I am going to move in the Middle East for a new job. I do not know exactly if UAE, Qatar or Oman.
I know that I shall be fingerprinted to get the Residence Visa and the ID Card.

Does anybody know if my employer or the PRO may require and get a copy of my fingerprints from the centre where I am fingerprinted or from any other State department?

Thanks!


----------



## Stevesolar (Dec 21, 2012)

Hi,
Why do you keep asking the same question in multiple places on the forum?
The members on the Dubai forum have given you proper and correct answers to your question.
In the UAE, Qatar, KSA - the rules are totally different to Europe.
Your data is freely shared between government departments. Banks share sensitive data with their employees (you know this when they phone you with credit card offers - the sales person has all your data!).
If you decide to live and work in this region then you need to accept that many of the laws and liberties that you enjoy in Europe do not apply here.
If you are lucky - then the big increase in salary compared with your same job in Europe, should be the compensation that makes up for your loss of liberties.
If you dont like or accept these facts - then you will need to look elsewhere to work (as you will soon get in trouble here - if you start making a noise about the use of your personal data.)
Cheers
Steve


----------



## MRuota (Apr 8, 2014)

I just thought that different users may visit the Qatar forum and provide me more information.

I know that the laws are different, this is the reason why I am trying to find out which are the rules concerning the disclosure of fingerprints.

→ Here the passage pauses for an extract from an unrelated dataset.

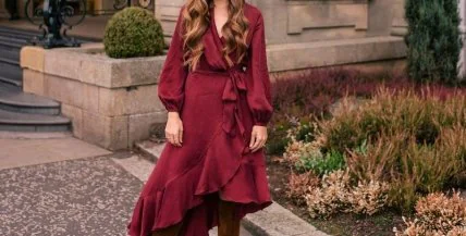 Сукня-халат із запахом гармонійно доповнює жіночий гардероб. Фасон виграшно виглядає на жінці будь-якої статури завдяки V-образним вирізом. Діагональні лінії крою візуально подовжують силует, роблять його стрункіше, вище, але особливості фігури модниці все-таки варто брати до уваги.

I understand that most of the people that replied to my questions in the Dubai section are not worried at all about their personal data. I just hope you do not mind if I kindly ask a question and then wait for an answer.
No problem if someone wants to kid me because of the question I asked.
I am not pretending to change a law/rule or to convince anyone that a certain law/rule should be changed. I am just asking which is the law/rule applicable at the moment.

Thanks.


----------